Mark Smich appeals 1st-degree murder conviction for death of Laura Babcock
An Ontario man found guilty of killing a young Toronto woman who vanished five years ago is appealing his first-degree murder conviction and sentence, saying the verdict was unreasonable and the sentence too harsh.
Mark Smich, 30, of Oakville, Ont., and his friend Dellen Millard, 32, of Toronto, were found guilty in December of murdering Laura Babcock, with a judge ruling last month that the pair would not be eligible for parole for 50 years.
The 23-year-old Babcock disappeared in 2012 and her body has not been found. The pair’s trial heard Millard and Smich burned her body in an animal incinerator days after she went missing.
Millard and Smich have also been convicted of killing Tim Bosma — a Hamilton man who went missing in May 2013 after going with the pair for a test drive of a truck he was trying to sell online.
The judge in the Babcock trial ordered life sentences in the two murder cases to be served consecutively, leading to the 50 year parole ineligibility period.
Smich’s grounds for appeal, written in four bullet points, all in capital letters, reads: the “verdict was unreasonable; misapprehension of the evidence; errors of law;” and “consecutive sentence too harsh.”
Babcock’s mother scoffed at Smich’s reasons.
“The appeal is expected,” Linda Babcock told The Canadian Press. “I don’t think he’s going to get very far.”

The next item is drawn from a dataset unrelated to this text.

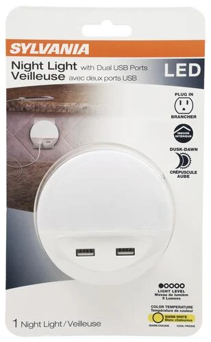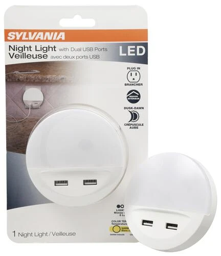 Sylvania dual USB nightlight features 2-USB charging ports to ensure that you always have enough space to charge your devices. This product operates on a dusk to dawn or can be switched to automatic on/off as needed. The perfect nightlight without sacrificing charging space in your home.
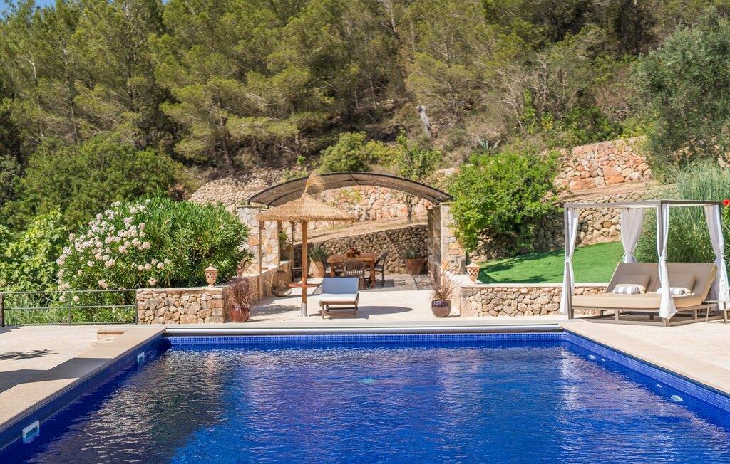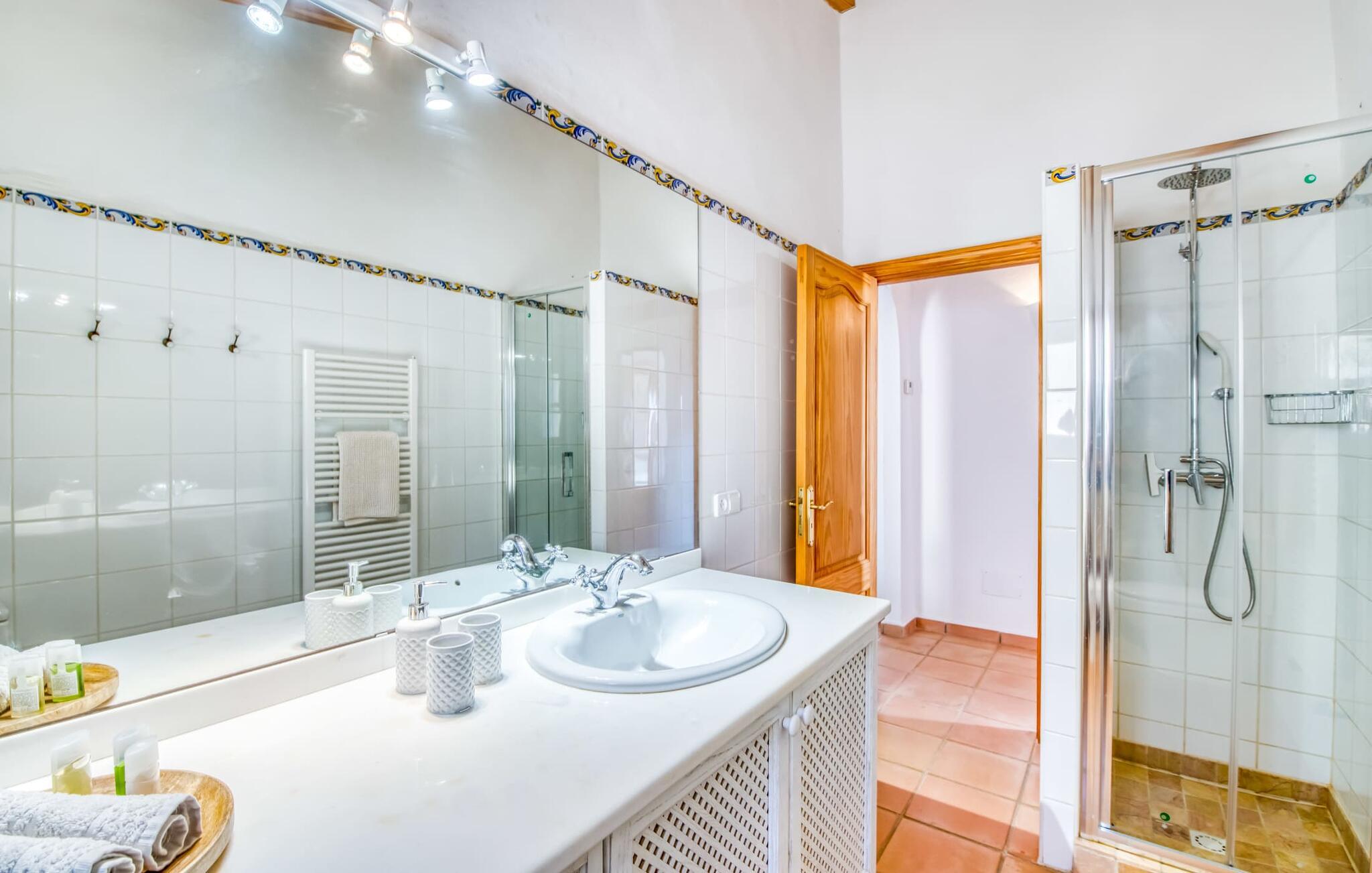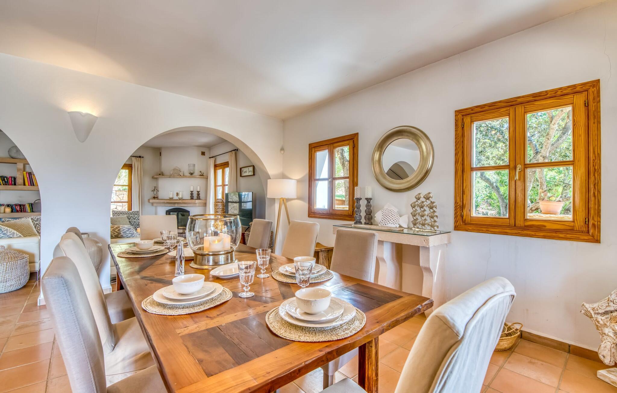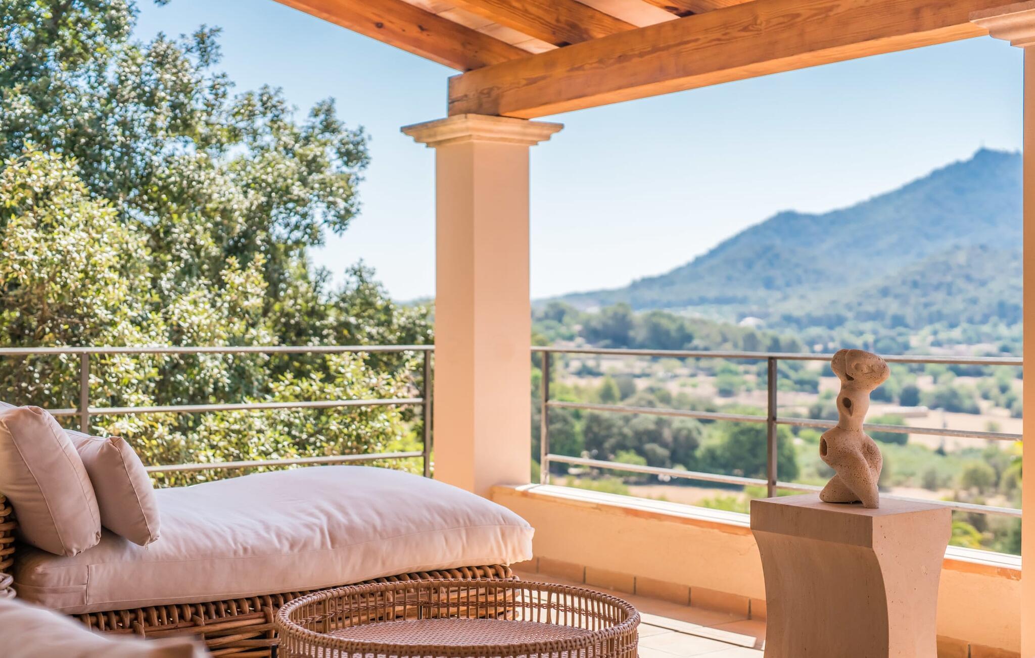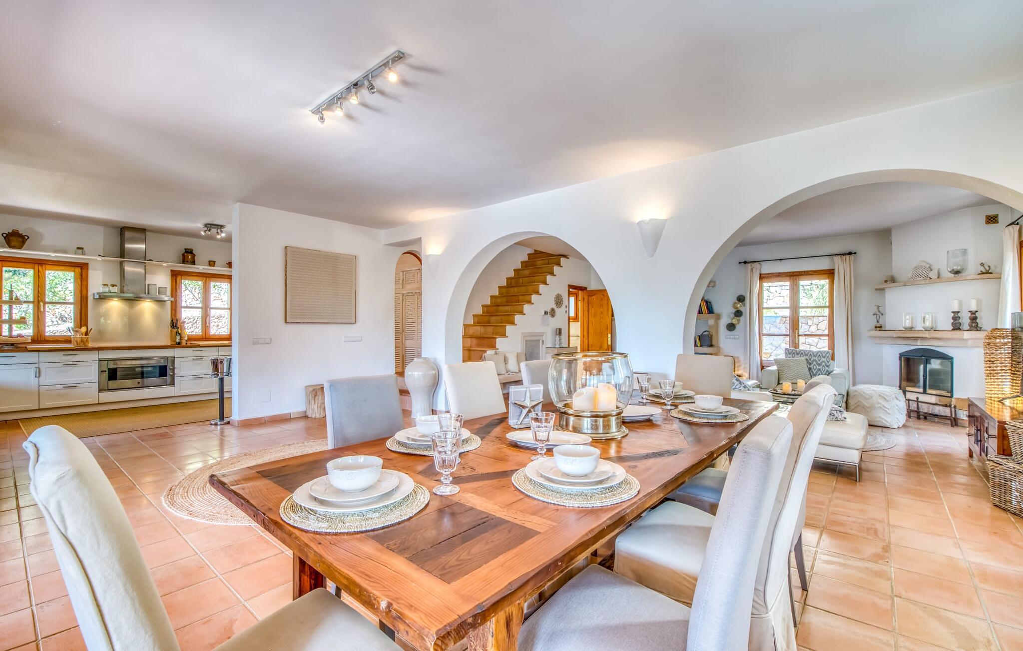 Oplev et sandt ferieparadis bag den elektriske port på "Casa Amorena". Denne udsøgte naturstensvilla, kærligt indrettet af sine tyske ejere, bevarer sin rustikke charme, mens den tilbyder moderne komfort. Beliggende i skovklædte bakker, har ejendommen en fantastisk have med palmer og cypresser, der blander sig problemfrit med den betagende udsigt over San Salvador-bjergene. Den glitrende pool med panoramaterrasse, højkvalitets rattan liggestole og en Bali seng inviterer jer til at slappe af. Et mezzaninniveau er ideelt til grillning, udstyret med en Weber-kulgrill og rigelige siddepladser, så I kan nyde essensen af Mallorca. For dem, der leder efter en aktiv ferie, har villaen et fitnesscenter, der er tilgængeligt fra haven. Den rummelige, udvendige suite i stueetagen med åbent badeværelse tilbyder også direkte adgang til poolen, mens der i stueetagen er en elegant opholds- og spisestue med pejs og XL-fladskærms-tv. Det luftige køkken og overdækkede terrasse tilføjer oplevelsen sammen med et yderligere soveværelse med dobbeltseng med en-suite badeværelse og privat balkon. Yderligere soveværelser og badeværelser er placeret ovenpå (der er ingen rækværk) med direkte adgang til den ekspansive loungebalkon. "Casa Amorena" tilbyder virkelig plads nok til alle. Stilfuldt renoveret, smuk tysklavet villa! Den terrasseret "Casa Amorena", i en rolig, afsondret beliggenhed kun 3 km fra Felanitx, kunne være kærlighed ved første blik. Et supermarked og et ugentligt marked, caféer og restauranter ligger kun få minutters kørsel væk i byen, og strandene ligger kun 15 km væk på den sydøstlige kyst.

Appeal Court documents show Smich filed his inmate notice of appeal on Feb. 27, one day after a courtroom erupted into cheers and a standing ovation as he and Millard were sentenced for Babcock’s murder.

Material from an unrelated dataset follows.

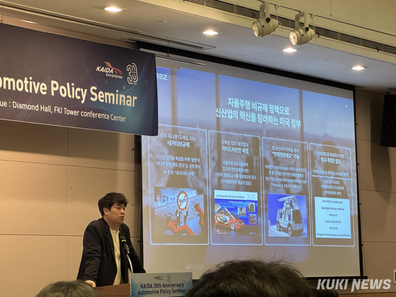 21일 열린 ‘한국수입자동차협회(KAIDA) 창립 30주년 자동차 정책 세미나’에서 유민상 오토노머스에이투지(A2Z) 상무는 “정부가 규제보다 속도를 택해야 한다”며 이같이 말했다. 이날 세미나에서는 정부, 학계, 업계 인사들이 참석해 자율주행차와 첨단안전장치 제도 개선 방향 등에 대해 논의했다.

At a sentencing hearing, the Crown said the pair’s true motive for Babcock’s death was to satisfy an urge to kill.
During sentencing, Justice Michael Code said “Smich was enthusiastically involved in the murder of Laura Babcock.”

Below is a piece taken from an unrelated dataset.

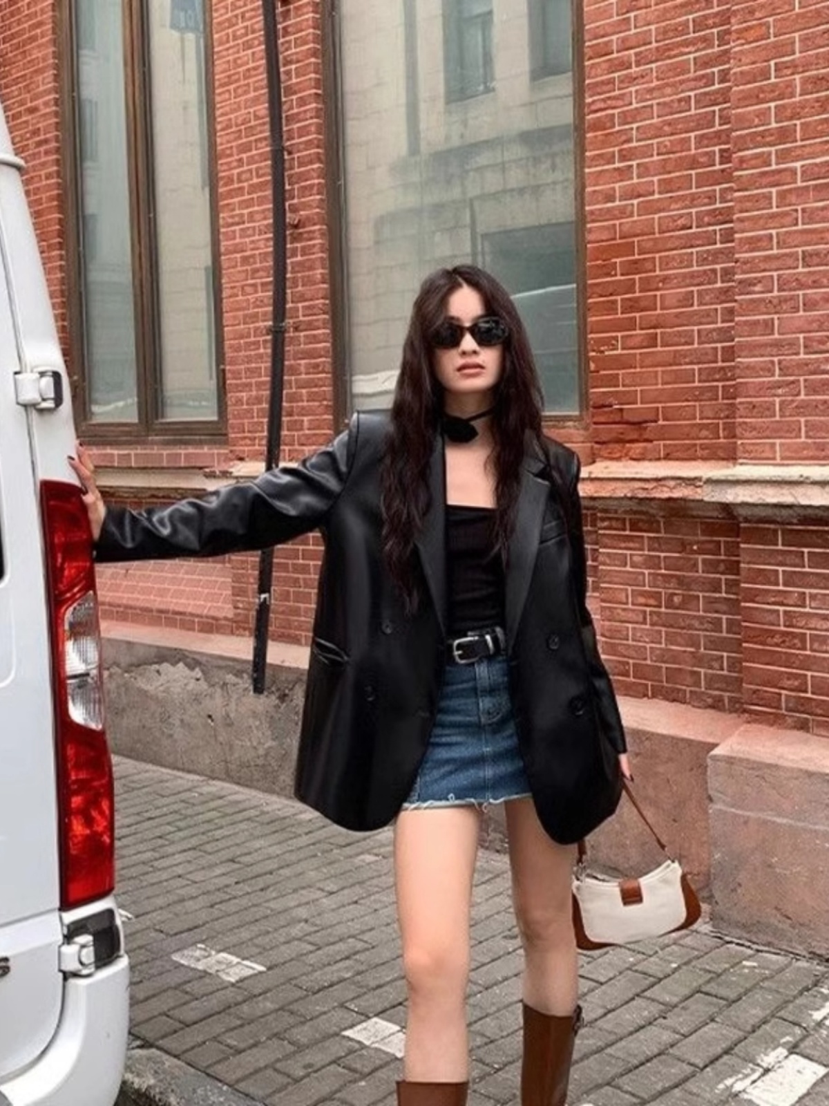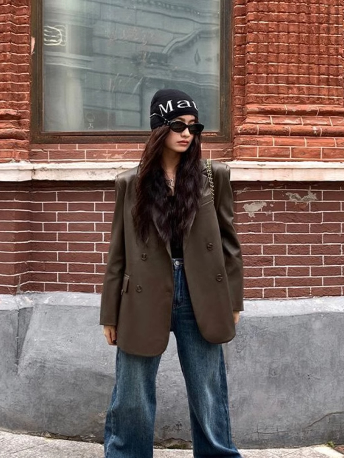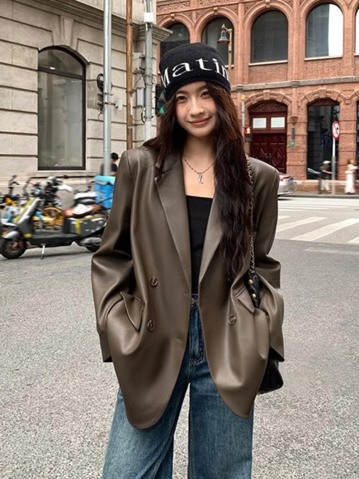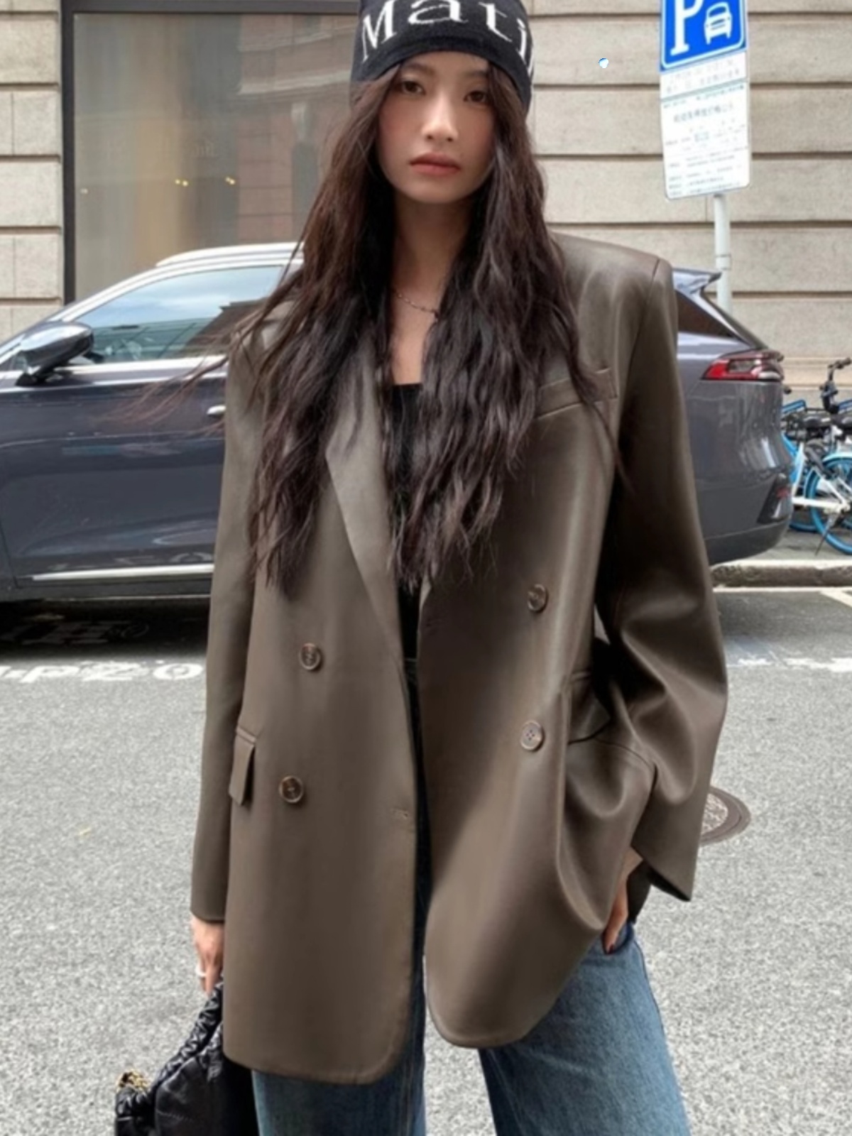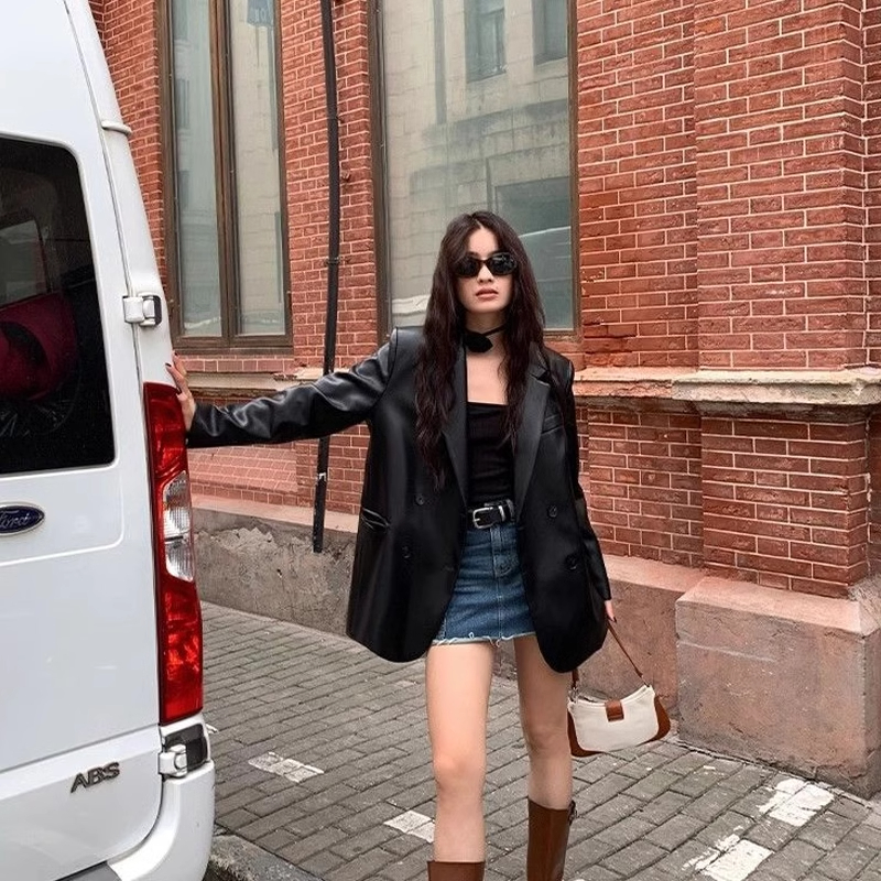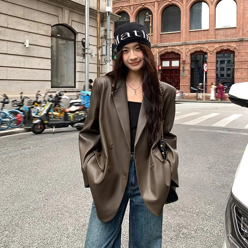 빈티지 가죽 세트 재킷 여성 2025 가을 패션 새로운 느슨한 캐주얼 스타일 탑스토어 가기

He said Smich’s motivation to commit both Babcock’s and Bosma’s murders “is tied up with his apparently determined efforts to adopt a gangster persona and with his adherence to a broader general criminal conspiracy with Millard.”
Millard has not yet filed an appeal in the case, but his lawyer, Ravin Pillay, said his client will appeal both the conviction and the sentencing decision.
Both Millard and Smich are also appealing their convictions for the murder of Bosma.
Millard alone is set to face another first-degree murder trial in late May for the death of his father, aviation heir Wayne Millard.
Police initially deemed his death a suicide in November 2012. That trial will be heard by a judge alone.